City facing grim budget choices
Jeremy M. Lazarus | 3/11/2016, 11:13 a.m.
Parking at a Downtown meter could soon be more expensive. So could the annual city fee to register a vehicle and the cost of trash collection.
Those are some of the fee increases Richmond Mayor Dwight C. Jones is proposing in the $709 million spending plan for fiscal year 2017 that begins July 1.
He presented the plan last Friday to Richmond City Council. It would be up to the council to approve the fee increases as part of its work on the budget.
According to the mayor, the fee increases are needed to help the city cover the cost of services and pay city employees.
During his first seven years in office, Mayor Jones repeatedly has told city residents that he was “positioning the city for growth,” which he considered the best way to generate the revenue to allow increases in spending for public education, to replace or overhaul decaying school buildings and meet other pressing needs.
In a city still recovering from the Great Recession, where one in four residents and 40 percent of children live in poverty and where one-third of workers earn less than $25,000 a year, Mayor Jones’ mantra has been, “We cannot tax our way out, we cannot cut our way out.” Instead, he said, the city must encourage the creation and expansion of tax-generating businesses.
But now in his eighth and final year, the mayor is acknowledging that the growth strategies he has tried have yet to generate the substantial revenue returns the city needs — even with all the construction and population growth.
In the budget message he delivered to City Council, he focused on strategies to close a potential $9 million gap between spending and revenue, ruling out any increases in spending for public education or wage increases for most city workers.
He called it a continuation of the problem he has faced since taking office — the need “to write budgets with limited local revenue, declining state dollars and rising needs. Our dollars are limited, and any new ones must come from somewhere.”
Instead of tax increases, he urged council to cut city spending and impose modest increases in a few fees. That, he said, would generate the revenue needed to support the proposed budget — an $80 million increase from the first budget he presented after taking office in 2009, at a time when the recession caused shrinking revenue.
The proposed 2017 budget represents a $20 million increase from the current year’s $689 million general fund spending plan, or 2.9 percent.
According to the budget plan, the city expects to generate about $11 million in new tax revenue in 2017. To get to $20 million, the mayor called for increasing the fee for refuse collection and recycling from $17.50 a month to $20 a month. The cost of metered parking would rise from 75 cents an hour to $1.25 an hour. The fee on jail inmates would increase from $1 a day to $2 a day. And the annual vehicle registration fee for cars would rise from $23 a year to $40.75 a year, with a similar hike imposed on pickups and larger trucks.

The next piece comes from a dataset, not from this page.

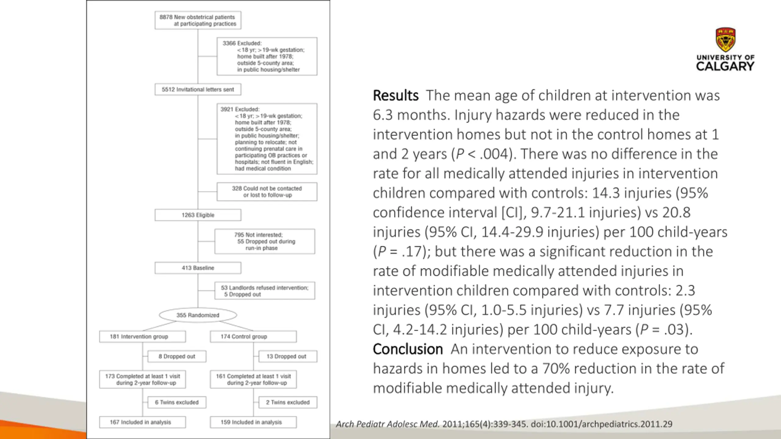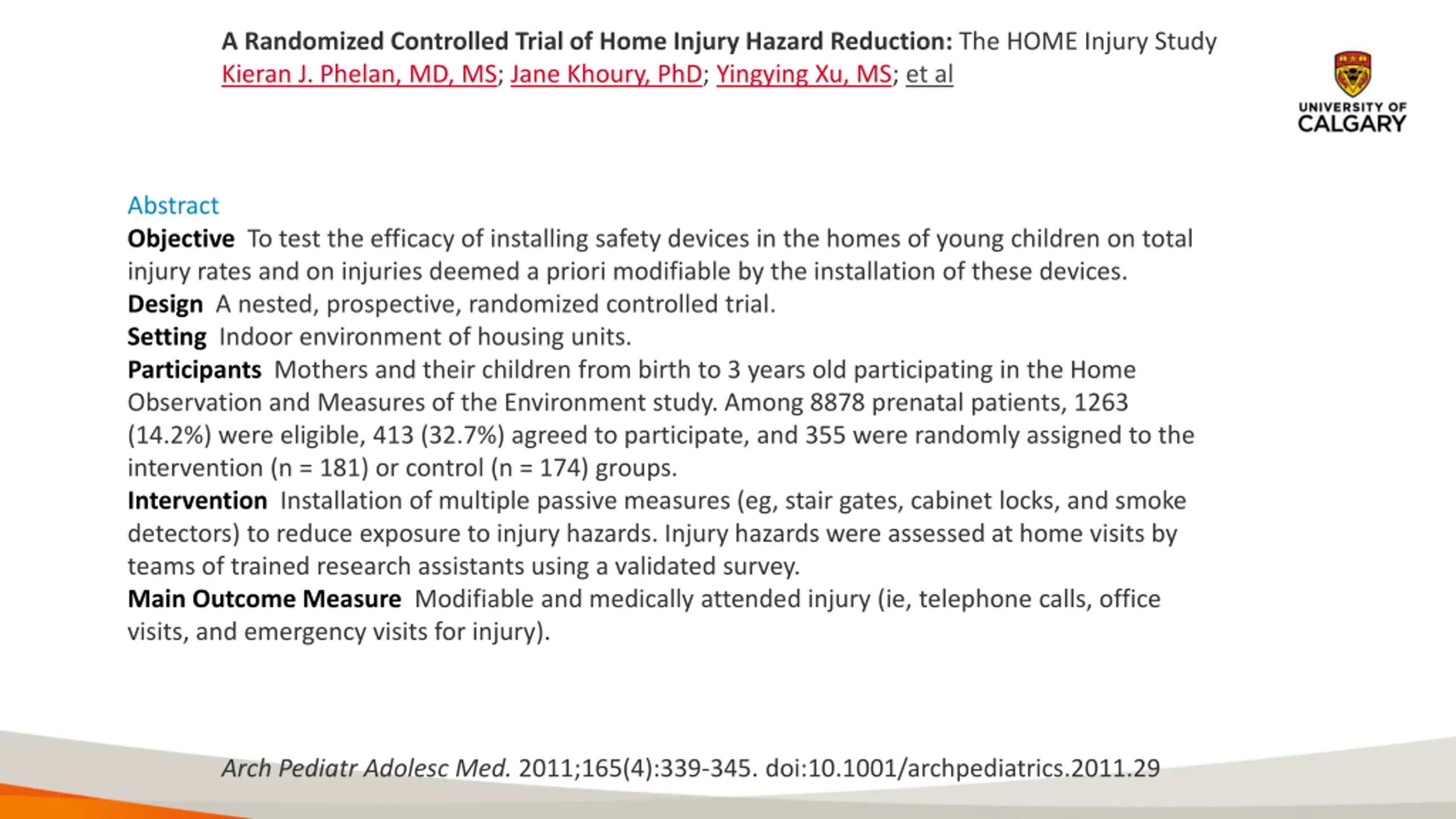 A Randomized Controlled Trial of Home Injury Hazard Reduction: The HOME Injury Study Kieran J. Phelan, MD, MS; Jane Khoury, PhD; Yingying Xu, MS; et al Abstract Objective To test the efficacy of installing safety devices in the homes of young children on total injury rates and on injuries deemed a priori modifiable by the installation of these devices. Design A nested, prospective, randomized controlled trial. Setting Indoor environment of housing units. Participants Mothers and their children from birth to 3 years old participating in the Home Observation and Measures of the Environment study. Among 8878 prenatal patients, 1263 (14.2%) were eligible, 413 (32.7%) agreed to participate, and 355 were randomly assigned to the intervention (n = 181) or control (n = 174) groups. Intervention Installation of multiple passive measures (eg, stair gates, cabinet locks, and smoke detectors) to reduce exposure to injury hazards. Injury hazards were assessed at home visits by teams of trained research assistants using a validated survey. Main Outcome Measure Modifiable and medically attended injury (ie, telephone calls, office visits, and emergency visits for injury). Arch Pediatr Adolesc Med. 2011;165(4):339-345. doi:10.1001/archpediatrics.2011.29

He also called on the council to approve a 12 percent cut in discretionary spending for most departments, essentially a reduction in the money that is not earmarked to pay wages or cover the cost of contracted goods and services. Public schools and GRTC would be exempt, along with a few other critical departments.
In addition, he wants the council to approve a 25 percent cut in the city’s spending with charities.
“All of these changes,” he said, are needed to support the decision that the council made last year to redirect $9 million in the current budget and $9 million in the proposed 2017 budget from city operations to the public schools.
But that does not add any new money, he said, to meet the school system’s request for an additional $18 million in city funding for its operations.
To provide that additional money could mean “26 days of furloughs for city workers or laying off 400 city employees. I chose not to take those actions because they are bad ideas,” he said. Richmond School Board members were disappointed.
Mayor Jones said he would ask council to put an advisory referendum on the November ballot after the governing body completes its budget work.
The referendum would allow voters to decide whether to raise city property taxes by 1 to 3 cents to provide more funding for city schools. Each penny increase would raise $1.75 million. The city’s property tax has stood at $1.20 per $100 of assessed value since 2009.
The mayor also is aware of the need to provide money to upgrade school facilities. To gain some of the money, he said he will ask the council to divert 20 percent of new revenues from rising property values to put toward schools construction.
In his message, he also outlined his strategy for eliminating a looming $12 million deficit in the current budget, including a hiring freeze on “all non-critical positions through June 30,” and a limit on discretionary spending.
He also would seek approval from the council to use $3 million in savings to cover the costs from the recent “extreme weather.”
The mayor believes with this final budget proposal before he leaves office in December, “we’ve set a clear course for an even brighter future. The choices we make will shape the future of the city.”